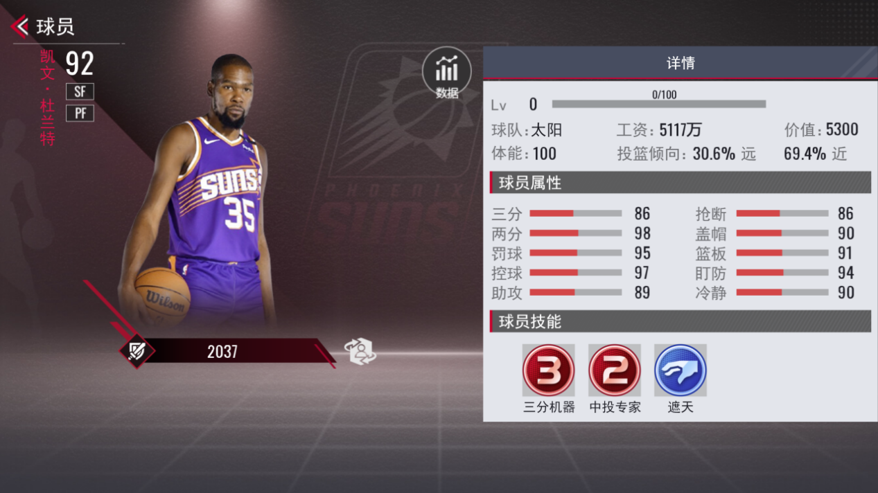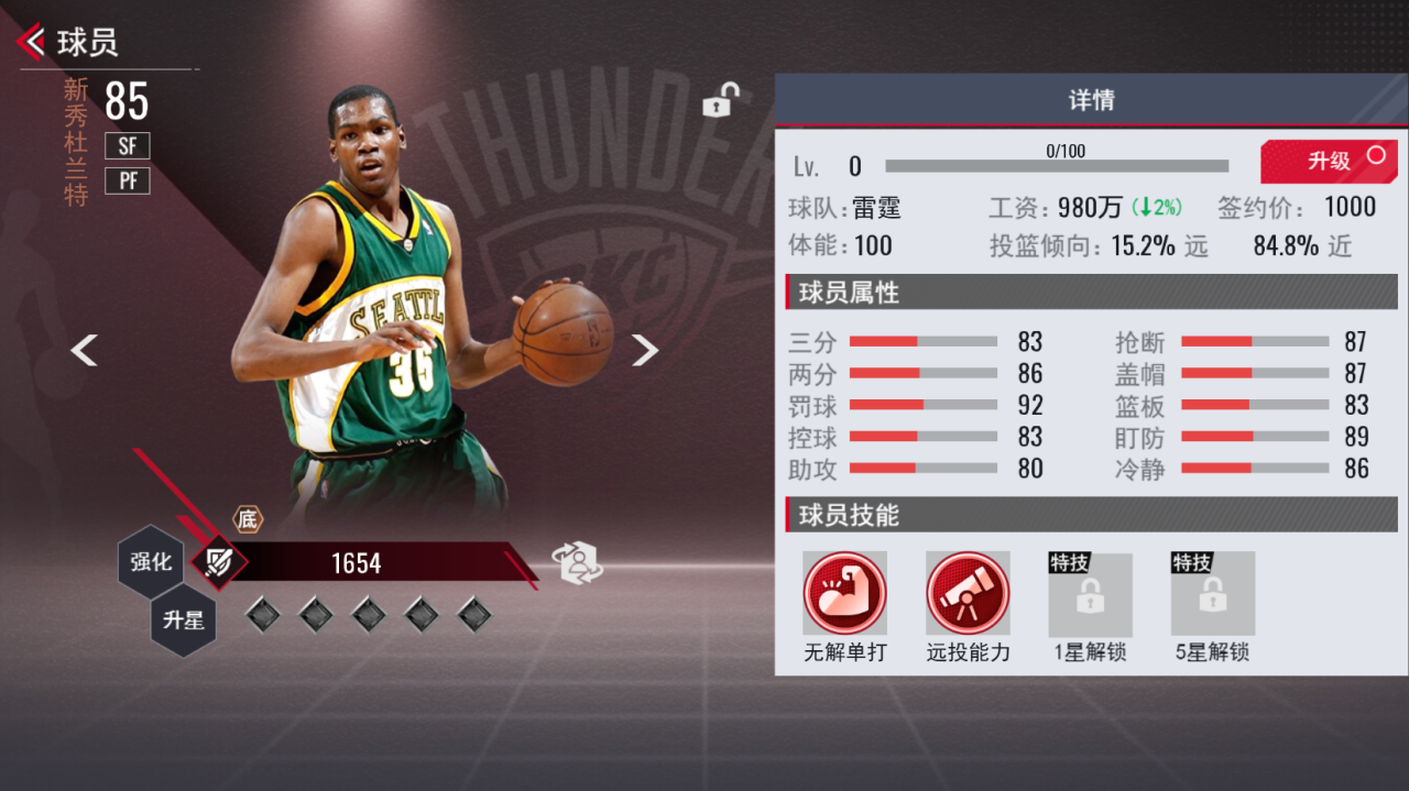 新秀-杜兰特凯文·杜兰特出生在美国华盛顿特区的一个普通家庭,在2007被西雅图超英速队(现俄克拉荷马城雷霆队)以第二顺位选中,及其卓越的个人能力很快在赛场上崭露头角。网友对这位超级明星有很多的调侃称呼,例如“死神”、“包工头”、“杜老二”等等。游戏中新秀杜兰特可担任队伍中小前锋或大前锋的角色。
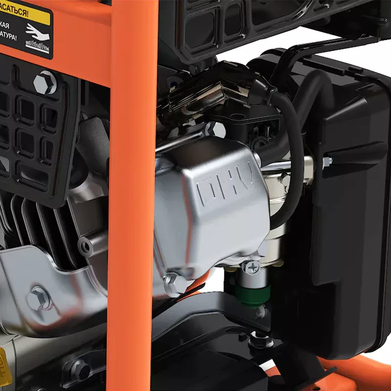 Бензиновая электростанция оснащена двигателем Zongshen GB270. Для альтернатора используется медная обмотка. Она намного прочнее алюминиевой, лучше проводит ток и медленнее нагревается. Для защиты внутренних элементов используется прочная рама. Она сделана из металлической трубы, где верхняя часть используется в качестве держателей, а нижняя выступает опорой.
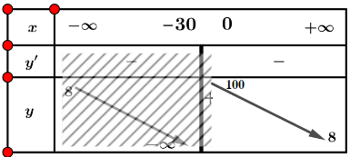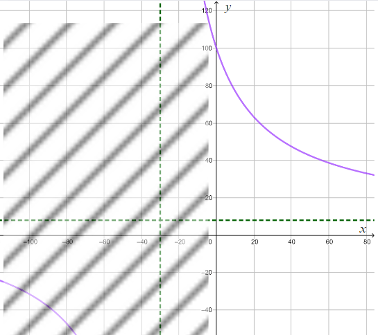 Do đó, đồ thị hàm số có tiệm cận đứng là đường thẳng x = - 30 và tiệm cận ngang là đường thẳng y = 8.
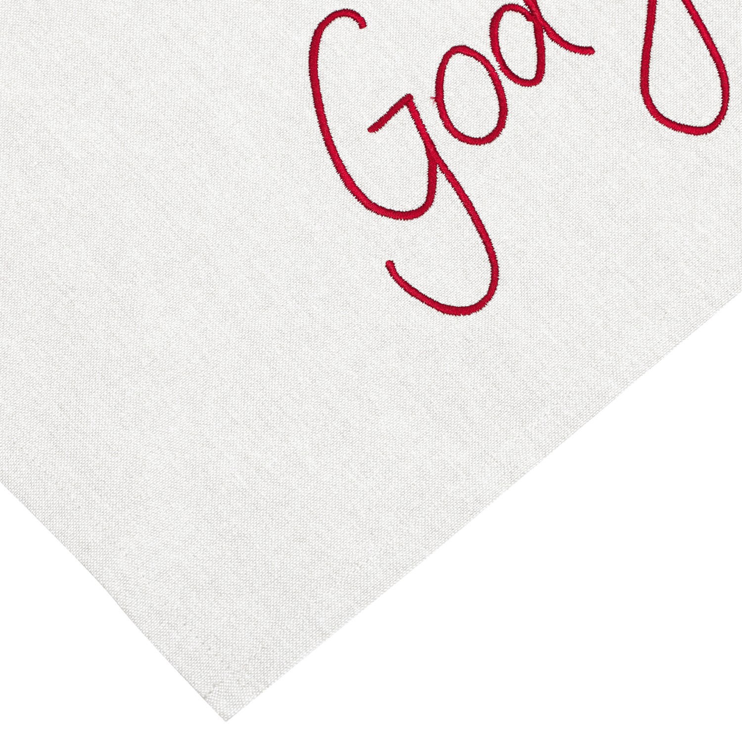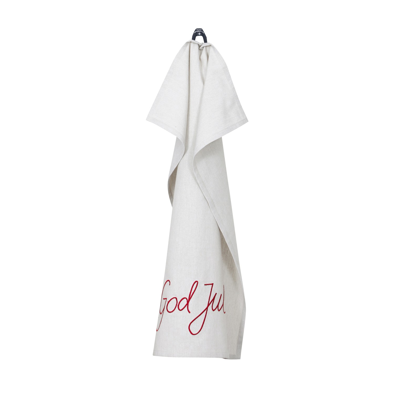 Enfärgad kökshandduk i en snygg beige färg som har texten God Jul broderad.
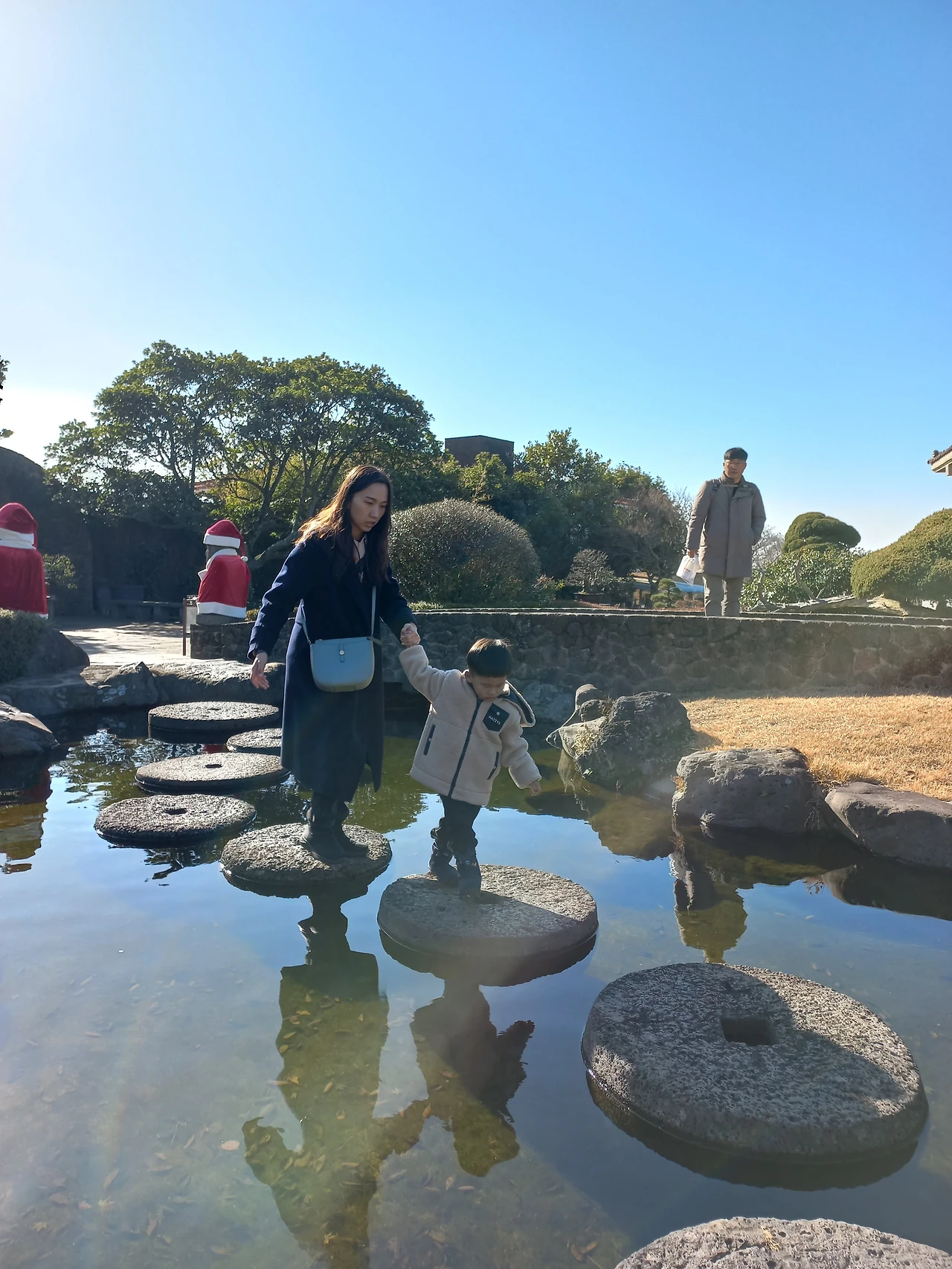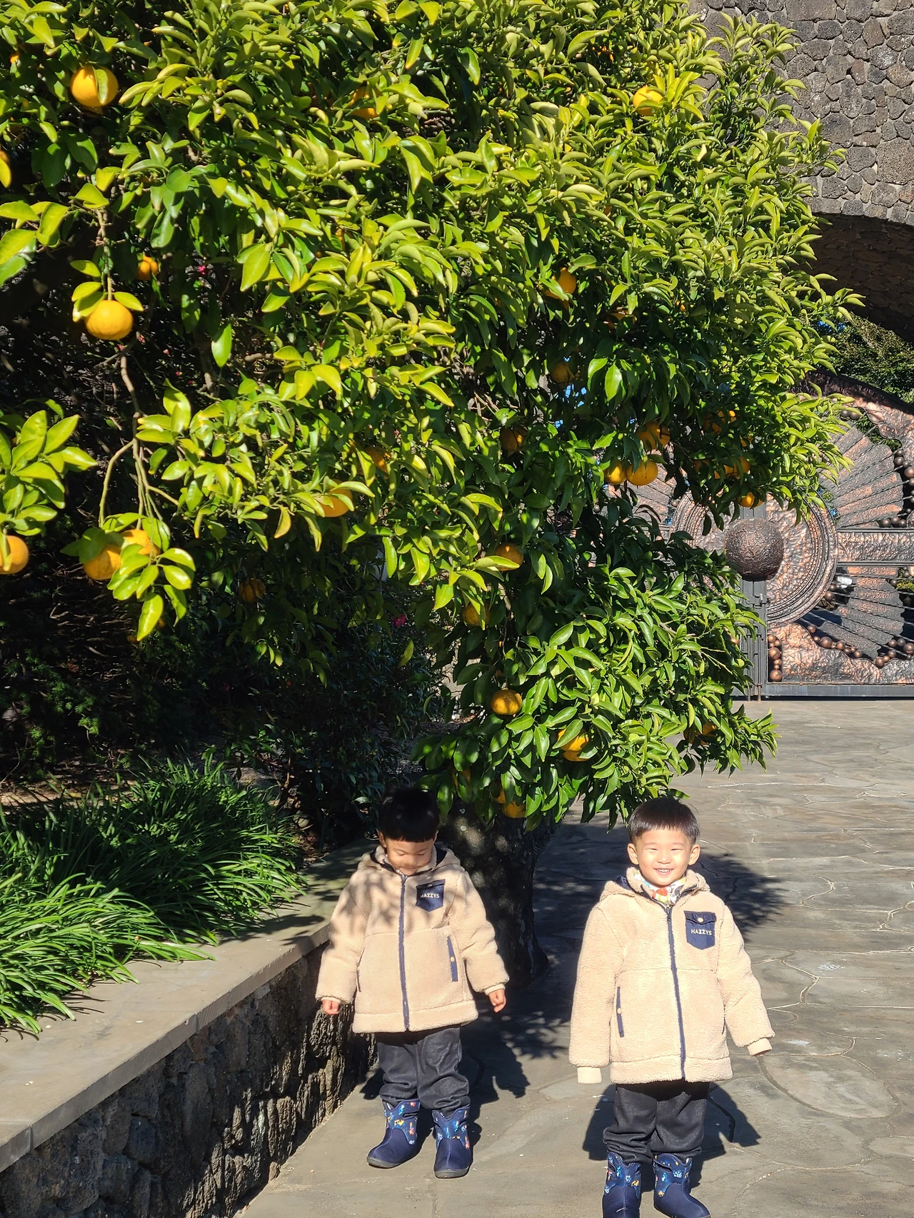아이들과 분재를 보고 돌을 보는데, 분재들 사이에 있는 귤나무가 아이들은 궁금한가 보다.
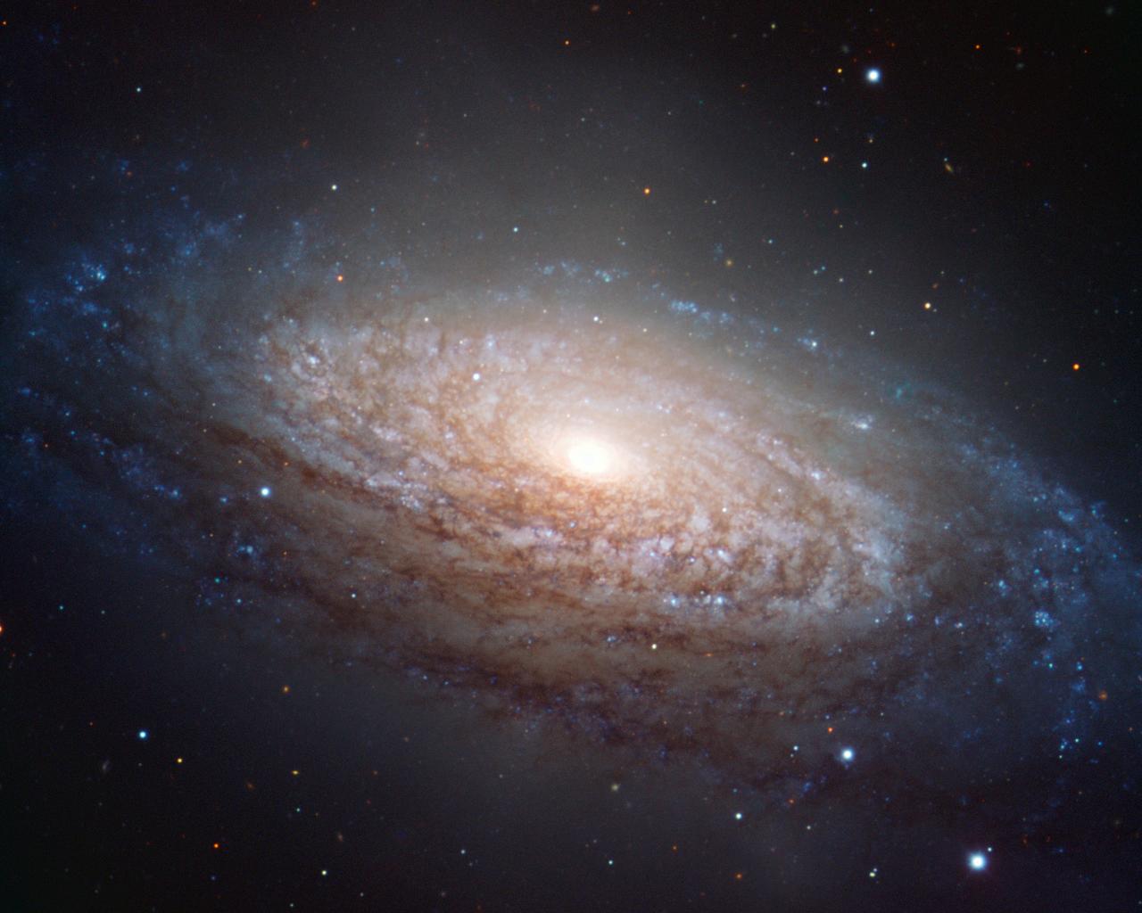 Op deze foto kun je zien dat de kleur van het sterrenstelsel in het centrum anders is dan in de rand. Het sterrenstelsel ziet er meer geel en oranje uit in het centrum (sterrenkundigen zeggen dat het “roodachtig” is), terwijl het blauw is in de buitenste gebieden. Dit komt door de kleuren van de sterren die zich in het sterrenstelsel bevinden. Oudere sterren zijn roder dan jongere sterren en leven in het centrum. Jonge sterren zijn blauw en leven verder naar buiten.
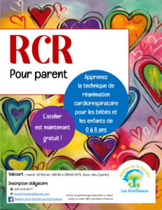 À travers cet atelier, les parents, les grand-parents et même les gardiens, gardiennes apprendront la technique de réanimation cardio-respiratoire (RCR), comment désobstruer les voies respiratoires et la position latérale de sécurité.
....................
Except for the pictures, return every line of the material exactly.

ANSWER TO THIS EXERCISE -
 新秀-杜兰特凯文·杜兰特出生在美国华盛顿特区的一个普通家庭,在2007被西雅图超英速队(现俄克拉荷马城雷霆队)以第二顺位选中,及其卓越的个人能力很快在赛场上崭露头角。网友对这位超级明星有很多的调侃称呼,例如“死神”、“包工头”、“杜老二”等等。游戏中新秀杜兰特可担任队伍中小前锋或大前锋的角色。
 Бензиновая электростанция оснащена двигателем Zongshen GB270. Для альтернатора используется медная обмотка. Она намного прочнее алюминиевой, лучше проводит ток и медленнее нагревается. Для защиты внутренних элементов используется прочная рама. Она сделана из металлической трубы, где верхняя часть используется в качестве держателей, а нижняя выступает опорой.
 Do đó, đồ thị hàm số có tiệm cận đứng là đường thẳng x = - 30 và tiệm cận ngang là đường thẳng y = 8.
 Enfärgad kökshandduk i en snygg beige färg som har texten God Jul broderad.
아이들과 분재를 보고 돌을 보는데, 분재들 사이에 있는 귤나무가 아이들은 궁금한가 보다.
 Op deze foto kun je zien dat de kleur van het sterrenstelsel in het centrum anders is dan in de rand. Het sterrenstelsel ziet er meer geel en oranje uit in het centrum (sterrenkundigen zeggen dat het “roodachtig” is), terwijl het blauw is in de buitenste gebieden. Dit komt door de kleuren van de sterren die zich in het sterrenstelsel bevinden. Oudere sterren zijn roder dan jongere sterren en leven in het centrum. Jonge sterren zijn blauw en leven verder naar buiten.
 À travers cet atelier, les parents, les grand-parents et même les gardiens, gardiennes apprendront la technique de réanimation cardio-respiratoire (RCR), comment désobstruer les voies respiratoires et la position latérale de sécurité.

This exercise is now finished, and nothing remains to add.